Inzwischen hat Fler nach diversen anderen Veröffentlichungen diesen Faden wieder aufgenommen, "Neue Deutsche Welle 2" unters Volk gebracht, und nun offenbar beschlossen, für das bereits drohende nächste Album "Frank White" auch die damals so wirksame Werbestrategie wieder aufzuwärmen. So weit, so langweilig.

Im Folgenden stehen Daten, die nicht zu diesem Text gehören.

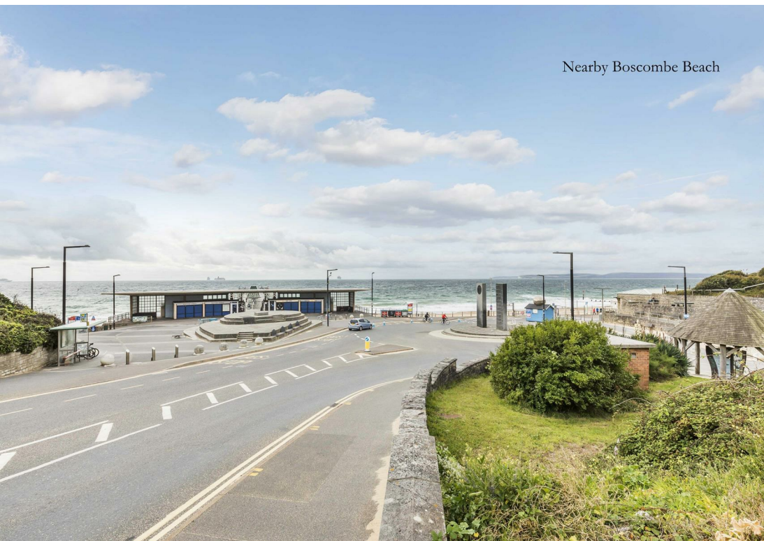
Nearby Boscombe Beach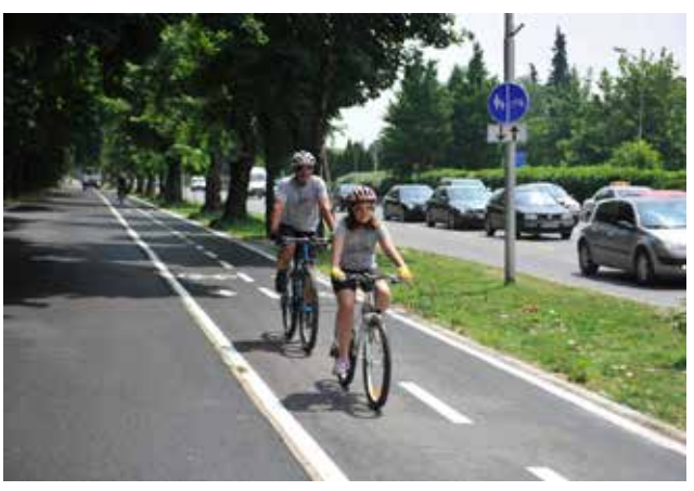
Figure 5. Reconstructed cycle and walk path with signs and signals along the busiest traffic routes in the city of Skopje

out of bicycles to sell, and the city's cycle paths are turning out to be too narrow for the number of users. A similar boom occurred around the world during the oil crisis in the 1970s. What we can learn from that boom is that people can easily go back to their old habits, and cities can become even more car-oriented than before. Skopje should seize this opportunity to improve and upgrade the Velo City project and continue with its ambitious plans beyond 2021.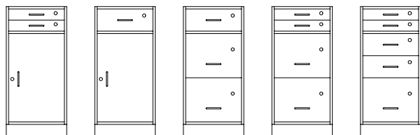
N7050 N7051 N7052 N7053 N7054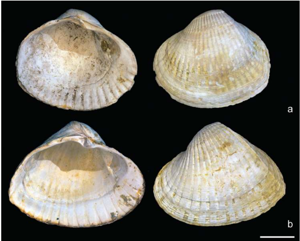
Figure 3. Didacna baeri versus D. eichwaldi from Holocene (Novocaspian) deposits of Turali Lagoon (Dagestan, Russia). a RGM.961899, Didacna baeri (Grimm, 1877) b RGM.961900, Didacna eichwaldi (Krynicky, 1837), same locality. Scale bar: 1 cm.

Taxonomic notes. In recent works (Kijashko in Bogutskaya et al. 2013), the species Didacna crassa (Eichwald, 1829) [= D. eichwaldi (Krynicky, 1837)] has been considered a synonym of D. baeri . However, we see morphological discontinuities in our extensive material from the northern Caspian Sea Basin that implies that D. eichwaldi with its protruding umbo and shouldered appearance is distinct from D. baeri that is characterised by a rounded umbo (see discussion above under D. baeri ). Despite being in common usage, the name Didacna crassa is invalid as it is a junior homonym of Cardium crassum Gmelin, 1791; Krynicky (1837) introduced Cardium eichwaldi as replacement name.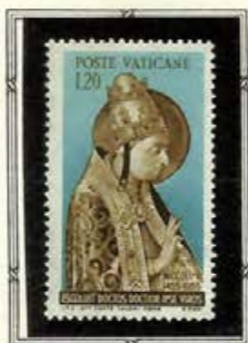
Pope Nicholas V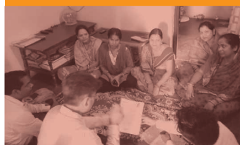
Shriram City Union Finance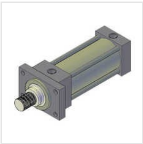
Front Flange Mounted Type Hydraulic

"Was hast du beigetragen?"

Doch siehe: Es funktioniert nach wie vor. Die Reaktionen auf Flers Posting ließen nicht lange auf sich warten. Unter den Tausenden Kommentaren fand sich ein ausführliches Antwortschreiben von Majoe. Die hier demonstrierten Formulierungskünste lassen entweder auf einen hochqualifizierten Ghostwriter schließen, oder aber künden von erheblichem schauspielerischen Talent (anders lässt sich kaum erklären, wie Kollegahs Sidekick bisher glaubhaft das komplette Hohlbrot verkörpern konnte).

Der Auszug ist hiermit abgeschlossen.